Best params (StratifiedKFold): {'max_depth': 5, 'min_samples_split': 2, 'min_samples_leaf': 1} | Mean CV Acc: 0.9280


## 4) Group K-Fold cross-validation hyperparameter search

**GroupKFold** ensures that the same group never appears in both train and validation within the same fold.  
These toy datasets don't come with groups, so we **simulate** them by assigning every few consecutive rows to the same group.


In [39]:
from sklearn.model_selection import GroupKFold

# Simulate groups so that samples that share a group never leak across folds
# Ensure there are at least as many groups as folds
group_size = 3  # tweakable
groups = np.arange(len(X)) // group_size

gkf = GroupKFold(n_splits=5)

best_params_gkf = None
best_cv_acc_gkf = -1.0

for params in params_list:
    fold_accs = []
    for fold, (train_idx, test_idx) in enumerate(gkf.split(X, y, groups=groups), start=1):
        X_train, X_valid = X.iloc[train_idx], X.iloc[test_idx]
        y_train, y_valid = y.iloc[train_idx], y.iloc[test_idx]
        
        model = DecisionTreeClassifier(random_state=42, **params)
        model.fit(X_train, y_train)
        pred = model.predict(X_valid)
        acc = accuracy_score(y_valid, pred)
        fold_accs.append(acc)
    mean_acc = float(np.mean(fold_accs))
    if mean_acc > best_cv_acc_gkf:
        best_cv_acc_gkf = mean_acc
        best_params_gkf = params

print(f"Best params (GroupKFold): {best_params_gkf} | Mean CV Acc: {best_cv_acc_gkf:.4f}")
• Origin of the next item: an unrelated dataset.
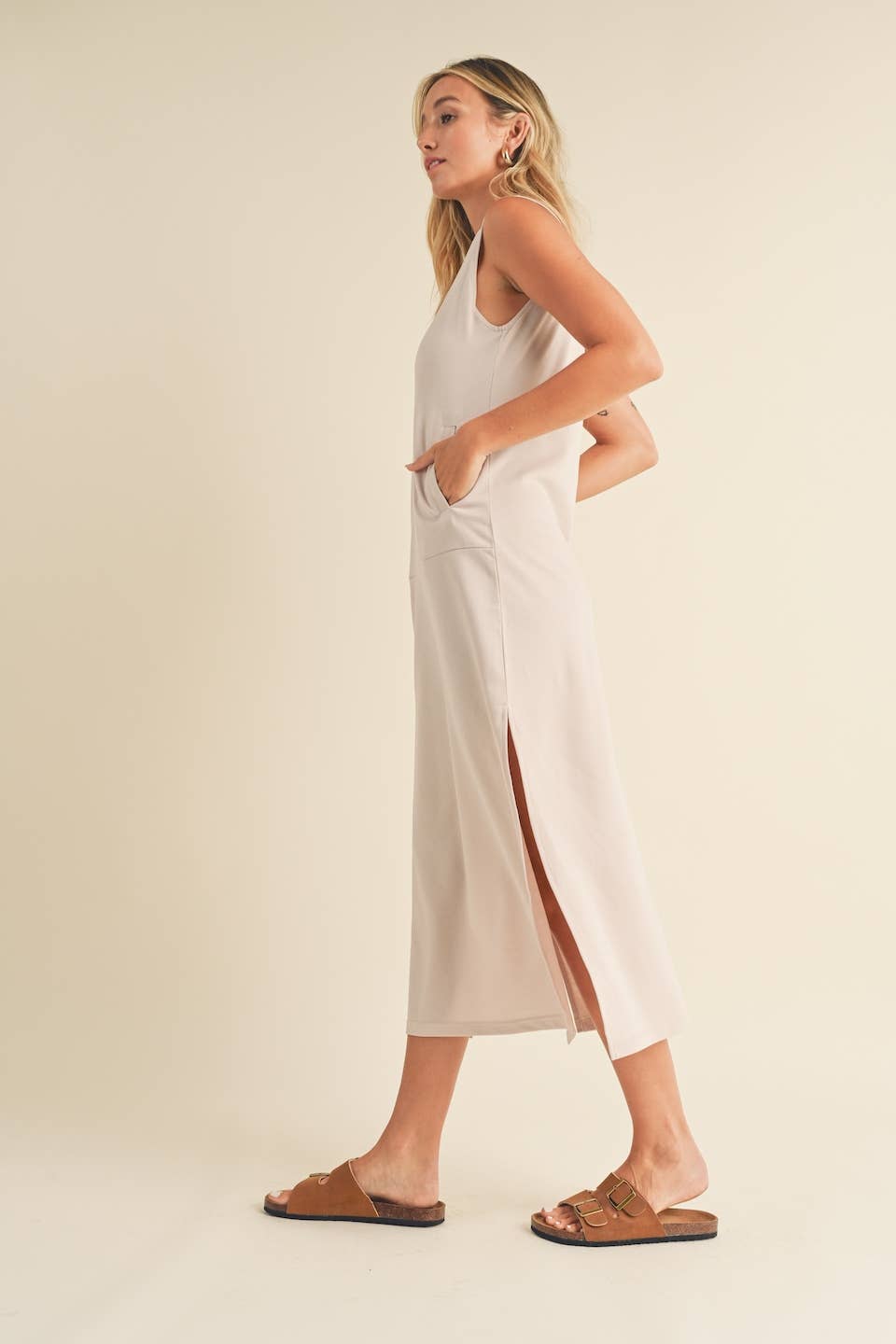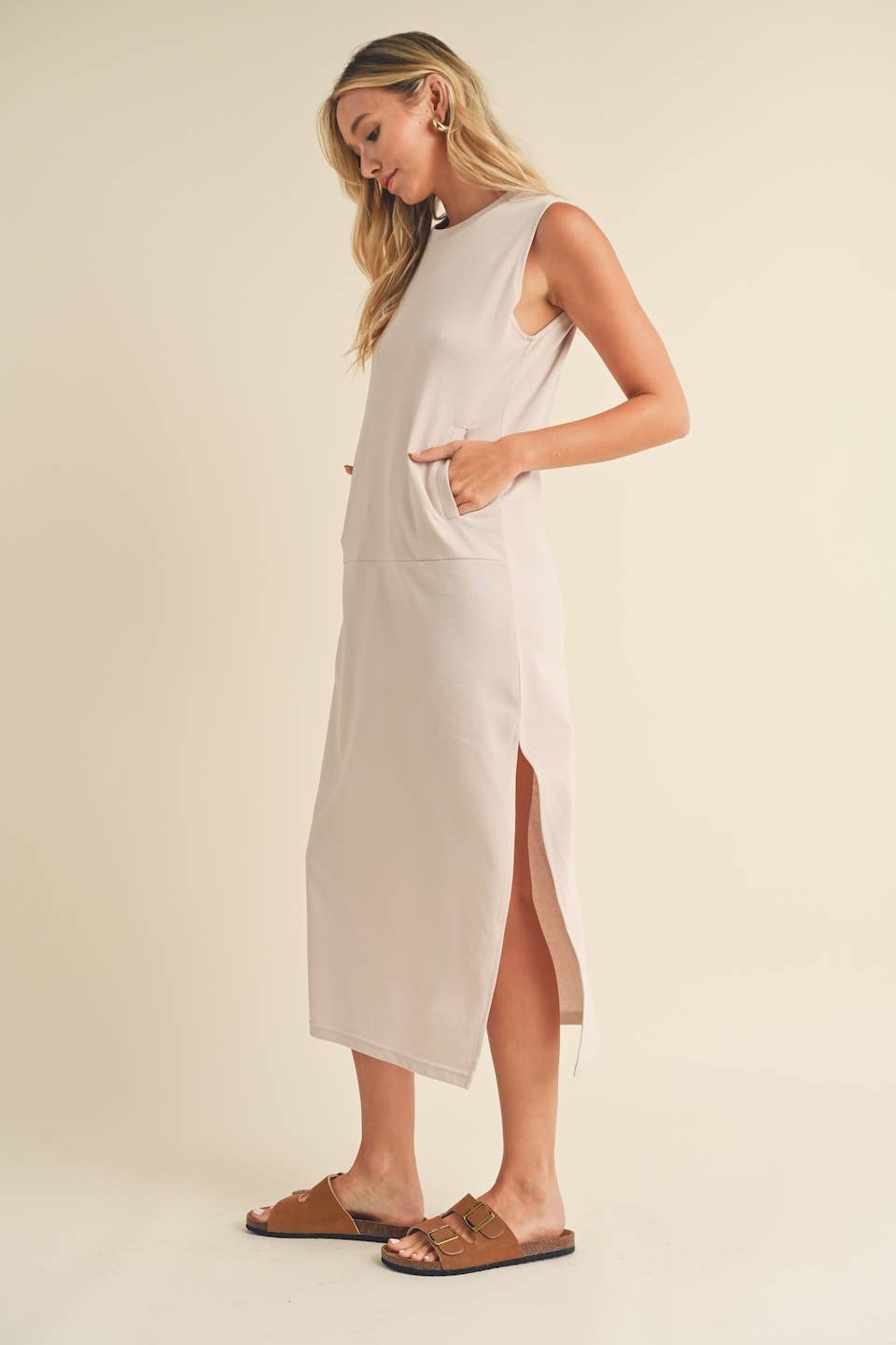 This terry cloth dress wraps you in cozy comfort with side slits for easy flow and roomy kangaroo pockets to hold what matters. Effortless style meets everyday ease—your new go-to for grounded, graceful days.

Best params (GroupKFold): {'max_depth': 5, 'min_samples_split': 5, 'min_samples_leaf': 2} | Mean CV Acc: 0.9279


In [40]:
# Summary of best results for this dataset
summary_rows = [
    {"method": "Train/Test + small Val", "best_params": best_params_tt, "score": float(best_val_acc_tt), "note": "Validation accuracy (not test) used for model selection"},
    {"method": "KFold", "best_params": best_params_kf, "score": float(best_cv_acc_kf), "note": "Mean CV accuracy"},
    {"method": "StratifiedKFold", "best_params": best_params_skf, "score": float(best_cv_acc_skf), "note": "Mean CV accuracy"},
    {"method": "GroupKFold", "best_params": best_params_gkf, "score": float(best_cv_acc_gkf), "note": "Mean CV accuracy"},
]
summary_df = pd.DataFrame(summary_rows)
summary_df


Unnamed: 0,method,best_params,score,note
0,Train/Test + small Val,"{'max_depth': None, 'min_samples_split': 2, 'm...",0.929825,Validation accuracy (not test) used for model ...
1,KFold,"{'max_depth': 5, 'min_samples_split': 5, 'min_...",0.945521,Mean CV accuracy
2,StratifiedKFold,"{'max_depth': 5, 'min_samples_split': 2, 'min_...",0.927993,Mean CV accuracy
3,GroupKFold,"{'max_depth': 5, 'min_samples_split': 5, 'min_...",0.927899,Mean CV accuracy


## Tips
- On **small datasets**, many parameter settings will look similar. That's normal.
- **StratifiedKFold** is usually better than plain KFold for classification, especially with imbalanced classes.
- **GroupKFold** is essential when you have **leakage risk** across related samples (e.g., multiple records from one patient or user).

Try changing the hyperparameter grid to see how results move.